The lunacy of my ancestors factors into the story of my hair like anything else that demands silence; it is a condition from which the hair might be an ennobling escape, a victory of aesthetics over life, as though hair were either a question of life or aesthetics, but never both. At the same time, my deceased ancestors rise up around me. As I speak they return as versions of themselves distinct from the way I remember them. This is not the story of their states of mind, which I would never dare to tell, but that of the meeting between grace and circumstance, the encounter of the book with its hair. There is nothing to say of hair that does not pose a problem. To say something consists of bringing to the surface that which, because it is second nature, often remains undetected.It’s occurred to me that I might owe the daily reminder of what ties me to my family to the haircut I received at six months of age.

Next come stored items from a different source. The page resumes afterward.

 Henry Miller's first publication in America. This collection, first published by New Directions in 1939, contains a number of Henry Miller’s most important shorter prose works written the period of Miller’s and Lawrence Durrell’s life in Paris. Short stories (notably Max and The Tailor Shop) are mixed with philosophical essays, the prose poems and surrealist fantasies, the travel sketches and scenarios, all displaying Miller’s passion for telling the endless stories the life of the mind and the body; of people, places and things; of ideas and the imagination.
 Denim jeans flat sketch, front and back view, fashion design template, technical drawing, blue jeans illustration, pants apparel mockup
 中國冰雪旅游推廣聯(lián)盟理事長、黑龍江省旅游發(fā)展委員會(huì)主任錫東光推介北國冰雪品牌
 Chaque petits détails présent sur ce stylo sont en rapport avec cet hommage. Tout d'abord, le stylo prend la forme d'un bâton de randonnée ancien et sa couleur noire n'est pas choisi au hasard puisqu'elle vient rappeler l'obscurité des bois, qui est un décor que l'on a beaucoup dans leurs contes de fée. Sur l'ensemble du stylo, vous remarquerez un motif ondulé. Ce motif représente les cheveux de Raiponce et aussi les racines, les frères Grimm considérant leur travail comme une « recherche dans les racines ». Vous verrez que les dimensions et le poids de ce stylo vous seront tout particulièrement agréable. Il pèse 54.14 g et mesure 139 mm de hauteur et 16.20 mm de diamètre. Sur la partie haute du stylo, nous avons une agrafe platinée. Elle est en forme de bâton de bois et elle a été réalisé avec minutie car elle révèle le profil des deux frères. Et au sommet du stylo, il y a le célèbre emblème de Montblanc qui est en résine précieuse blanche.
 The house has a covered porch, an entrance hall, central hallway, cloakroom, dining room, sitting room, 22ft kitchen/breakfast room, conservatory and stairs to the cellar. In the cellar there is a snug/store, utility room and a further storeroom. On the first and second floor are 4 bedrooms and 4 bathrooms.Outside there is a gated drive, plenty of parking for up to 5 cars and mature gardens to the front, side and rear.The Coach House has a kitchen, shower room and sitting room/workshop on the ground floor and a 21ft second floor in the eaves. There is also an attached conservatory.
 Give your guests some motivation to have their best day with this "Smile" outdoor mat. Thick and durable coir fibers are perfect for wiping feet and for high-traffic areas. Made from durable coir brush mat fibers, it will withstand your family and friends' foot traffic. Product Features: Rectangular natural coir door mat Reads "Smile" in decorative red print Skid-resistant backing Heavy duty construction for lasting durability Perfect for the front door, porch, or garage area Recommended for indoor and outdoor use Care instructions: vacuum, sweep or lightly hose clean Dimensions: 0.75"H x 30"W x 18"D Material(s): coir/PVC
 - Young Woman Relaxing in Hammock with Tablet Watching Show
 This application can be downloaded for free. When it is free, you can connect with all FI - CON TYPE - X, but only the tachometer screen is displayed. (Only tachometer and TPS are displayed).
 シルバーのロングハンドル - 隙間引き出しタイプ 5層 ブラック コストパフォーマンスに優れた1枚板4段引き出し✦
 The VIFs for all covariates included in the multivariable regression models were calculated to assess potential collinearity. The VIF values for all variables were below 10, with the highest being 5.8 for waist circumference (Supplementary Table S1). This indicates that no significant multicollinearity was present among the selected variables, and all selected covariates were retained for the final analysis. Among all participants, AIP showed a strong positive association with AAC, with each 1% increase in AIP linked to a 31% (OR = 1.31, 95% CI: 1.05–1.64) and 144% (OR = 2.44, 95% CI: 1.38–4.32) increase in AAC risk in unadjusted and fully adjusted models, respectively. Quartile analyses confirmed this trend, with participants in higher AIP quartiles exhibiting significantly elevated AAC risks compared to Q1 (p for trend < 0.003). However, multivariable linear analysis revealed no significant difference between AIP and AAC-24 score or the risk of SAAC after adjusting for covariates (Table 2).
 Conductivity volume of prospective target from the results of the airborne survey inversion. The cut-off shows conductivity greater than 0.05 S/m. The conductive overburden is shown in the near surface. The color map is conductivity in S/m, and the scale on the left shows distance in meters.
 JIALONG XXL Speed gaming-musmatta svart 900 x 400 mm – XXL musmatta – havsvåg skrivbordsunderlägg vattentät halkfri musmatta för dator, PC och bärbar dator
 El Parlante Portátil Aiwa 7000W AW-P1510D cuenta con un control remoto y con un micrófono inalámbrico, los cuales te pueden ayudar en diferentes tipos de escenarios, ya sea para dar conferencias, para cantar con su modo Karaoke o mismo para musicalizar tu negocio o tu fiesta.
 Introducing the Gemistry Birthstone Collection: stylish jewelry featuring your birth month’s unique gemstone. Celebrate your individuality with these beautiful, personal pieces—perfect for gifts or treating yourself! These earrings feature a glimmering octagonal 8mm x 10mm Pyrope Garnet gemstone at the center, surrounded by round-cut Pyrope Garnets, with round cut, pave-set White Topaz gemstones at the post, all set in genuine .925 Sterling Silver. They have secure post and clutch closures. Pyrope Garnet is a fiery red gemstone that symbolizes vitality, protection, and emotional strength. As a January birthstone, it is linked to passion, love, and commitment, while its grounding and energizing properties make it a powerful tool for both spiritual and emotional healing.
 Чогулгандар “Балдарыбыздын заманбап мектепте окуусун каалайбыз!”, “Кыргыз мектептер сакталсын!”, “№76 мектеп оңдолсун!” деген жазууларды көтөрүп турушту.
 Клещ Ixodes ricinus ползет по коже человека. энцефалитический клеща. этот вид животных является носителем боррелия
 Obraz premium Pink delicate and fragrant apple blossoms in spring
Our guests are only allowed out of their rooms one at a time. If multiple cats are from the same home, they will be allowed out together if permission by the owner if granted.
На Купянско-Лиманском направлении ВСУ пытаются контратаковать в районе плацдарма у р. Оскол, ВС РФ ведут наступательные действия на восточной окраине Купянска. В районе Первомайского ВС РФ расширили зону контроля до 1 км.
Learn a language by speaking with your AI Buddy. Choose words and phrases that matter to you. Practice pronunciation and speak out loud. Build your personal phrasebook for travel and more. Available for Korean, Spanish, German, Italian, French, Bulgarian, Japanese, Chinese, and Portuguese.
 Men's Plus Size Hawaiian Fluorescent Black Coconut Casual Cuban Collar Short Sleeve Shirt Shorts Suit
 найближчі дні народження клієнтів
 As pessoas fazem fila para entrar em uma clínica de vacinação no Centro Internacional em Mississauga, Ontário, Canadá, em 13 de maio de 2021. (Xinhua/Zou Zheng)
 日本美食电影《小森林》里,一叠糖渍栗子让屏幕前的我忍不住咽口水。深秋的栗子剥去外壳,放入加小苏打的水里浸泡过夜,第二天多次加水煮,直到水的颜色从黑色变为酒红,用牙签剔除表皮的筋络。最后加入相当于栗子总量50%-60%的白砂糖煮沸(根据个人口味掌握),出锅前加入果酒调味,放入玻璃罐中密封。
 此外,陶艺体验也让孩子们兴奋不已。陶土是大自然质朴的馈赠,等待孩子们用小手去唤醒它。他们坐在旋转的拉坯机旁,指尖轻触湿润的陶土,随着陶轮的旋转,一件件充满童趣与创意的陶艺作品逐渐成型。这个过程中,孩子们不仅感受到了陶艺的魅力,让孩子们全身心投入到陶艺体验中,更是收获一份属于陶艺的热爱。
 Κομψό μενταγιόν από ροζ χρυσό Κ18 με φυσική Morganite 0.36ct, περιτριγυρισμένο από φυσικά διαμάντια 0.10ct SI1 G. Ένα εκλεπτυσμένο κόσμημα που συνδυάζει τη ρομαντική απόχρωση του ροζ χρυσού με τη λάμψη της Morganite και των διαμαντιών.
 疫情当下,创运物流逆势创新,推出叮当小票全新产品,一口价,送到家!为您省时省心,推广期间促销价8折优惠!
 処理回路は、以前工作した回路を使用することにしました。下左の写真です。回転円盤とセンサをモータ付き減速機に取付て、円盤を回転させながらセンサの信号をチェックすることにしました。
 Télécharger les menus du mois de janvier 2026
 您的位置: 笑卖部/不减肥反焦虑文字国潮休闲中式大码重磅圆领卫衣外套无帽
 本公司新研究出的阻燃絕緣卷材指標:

Stepping off the plane, evoking the image of a statesman’s lover who lands hours after the plane full of government officials, the girlish Constança would begin by unbuttoning her jacket. The steamy Luanda air hinted at the long-awaited absence of her aunts from strolls through the park, during which, by simple miracle, there’s nothing to suggest that she’d been discovered walking hand in hand with my grandfather. From the state of the weather to the state of the state, she traded bits of conversation in exchange for being hand-fed biscuits dipped in tea. I can identify in her Papá’s noble carriage, in the era’s high-waisted pants, the coat, the hat, a certain uprightness that his old immigrant’s hunchback would later subdue. During the newscast’s commercial break—a toothpaste ad—Constança was a frequent subject of conversation between my grandfather and me, our fear of hurting my grandmother’s feelings often interrupting. But it was also a pretext to blackmail an irritated Grandpa Castro: either he gave us money for candy or “Hey, what about that blonde girl?”—as though we’d divined that there was more to this girl than the promise of fresh breath and reduced tartar. I leave her here, like a half-empty tube of Couto-brand toothpaste, abandoned in a plastic cup covered in a layer of mineral scum, next to the toothbrushes, in memory of my dear Grandma Maria, in whom a burning jealousy took root that would last for the rest of her life.